I have a website where digital content is behind a paywall. We verify users have access by IP address. Our customers are all large companies, with static IP addresses. So, if a user is within the network of their company, then they automatically have access to our site. The problem is, we have no way of validating that the companies actually own every address on the list of addresses they give us.

Anyone have any ideas of how we verify that the companies actually own the IP addresses they are giving us.


You could physically send someone to the company and check with a simple "ifconfig" what the IP is...this is a silly solution and it's pretty bad if you're based in US and the company is in AUS. You could think about something else but the point is you should avoid IP Based Authentication at all. Suppose someone knows your company and one of your customers, he could do some penetration tests and discover their IP Address...then by using IP spoofing they fool your system.

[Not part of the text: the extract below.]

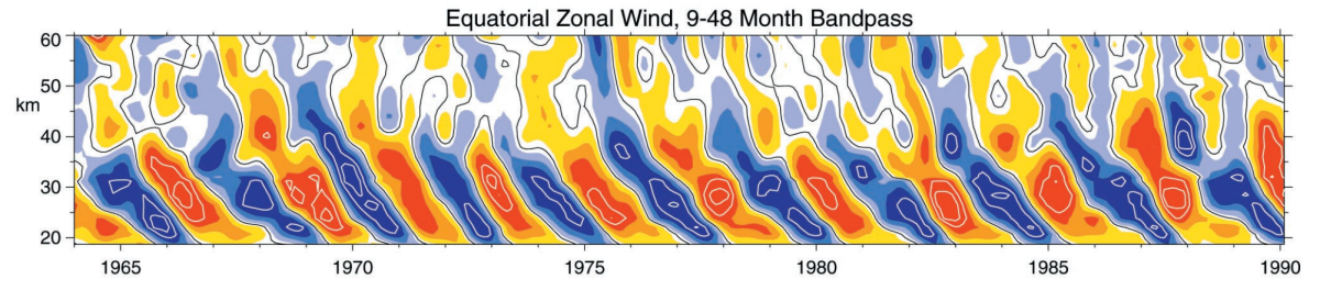 Etudier des planètes différentes de la Terre est aussi l’occasion d’en apprendre davantage sur notre propre planète. A 30 km d’altitude au-dessus de nos têtes dans la stratosphère (entre 20 et 50km), la dynamique est très différente de ce que nous pouvons percevoir au sol : deux vents superposés se déplacent dans le sens opposés, provoquant une alternance entre vent d’est et vent d’ouest tous les 26 mois.
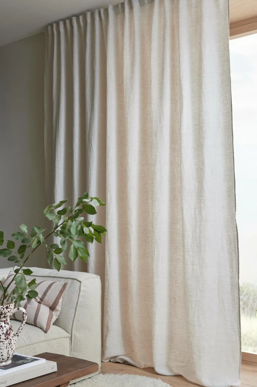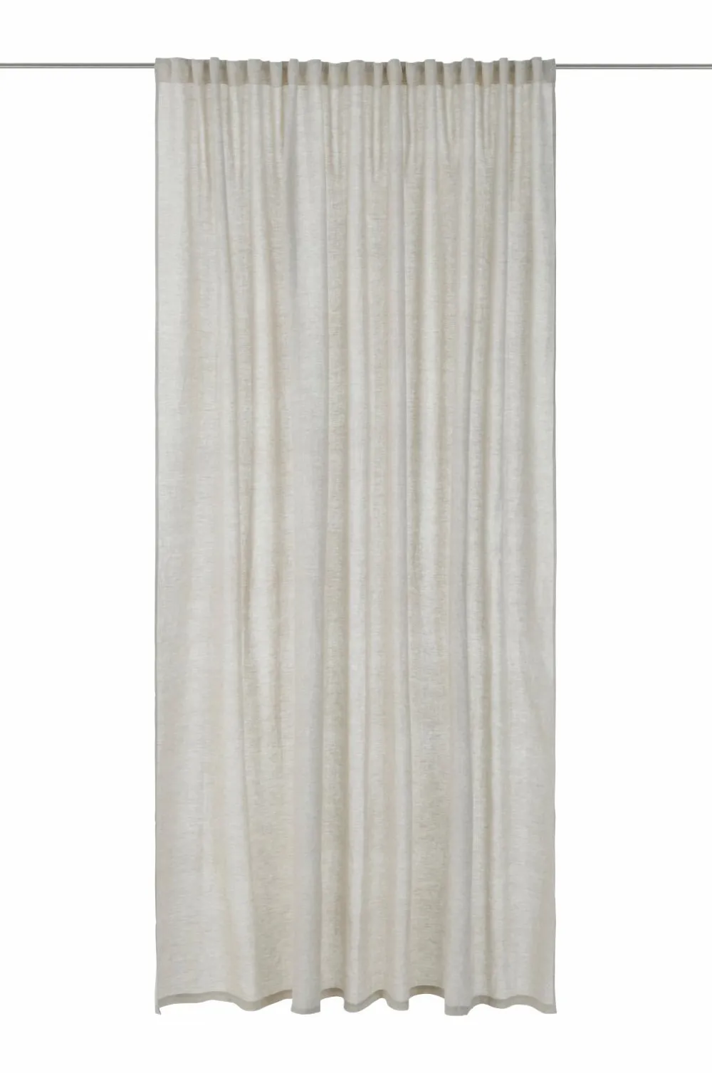 En ekstra bred multibåndslængde i vasket hør med smuk struktur. Multibåndet gør, at du enten kan hænge gardinet direkte på en gardinstang gennem de skjulte stropper eller anvende ringe, nålekroge eller fingerkroge. Snoren i rynkebåndet gør, at du let kan skabe ensartede, flotte læg. Kan også bruges med rynkebåndskrog. Bredde: 270 cm. Længde: 300 cm.

I think you should think about a X.509 certificate based solution implementing a sort of asymmetric challenge-response system. It's important to use asymmetric technlogy instead of symmetric to be more protected in terms of non-repudiation. Of course, you need your clients to have valid certificates...your company could act as a Certificate Authority to issue the certificates...then the customers will have to properly protect the private key. A good solution could be RSA with 2048 bit key and SHA-1 for signature (used by Twitter for example)

In general always avoid address based authentication

  • Thanks for the answer! I would upvote you if I had enough reputation points.
    – Randy
    Feb 26 '14 at 14:11

The short answer is, if they are just giving you a list of IP numbers, there is no way to verify that they are all owned by the company. However for large corporations, you can do a whois lookup on an IP range and determine the owner: http://whois.arin.net/ui

For example, if I enter, it returns that - are assigned to Google, with various details and contact information.

However, the list of IP addresses given to you by a company might include the CEO's home IP, which would no doubt be controlled by (for example) Verizon or Comcast or some other provider. Company members might travel to a conference and need access from a hotel IP.

A better solution would be to tap into a corporation's authentication scheme via OAuth or another web service, or when a user attempts to connect from an unknown IP, require a valid corporate email, and email the user a link for verification.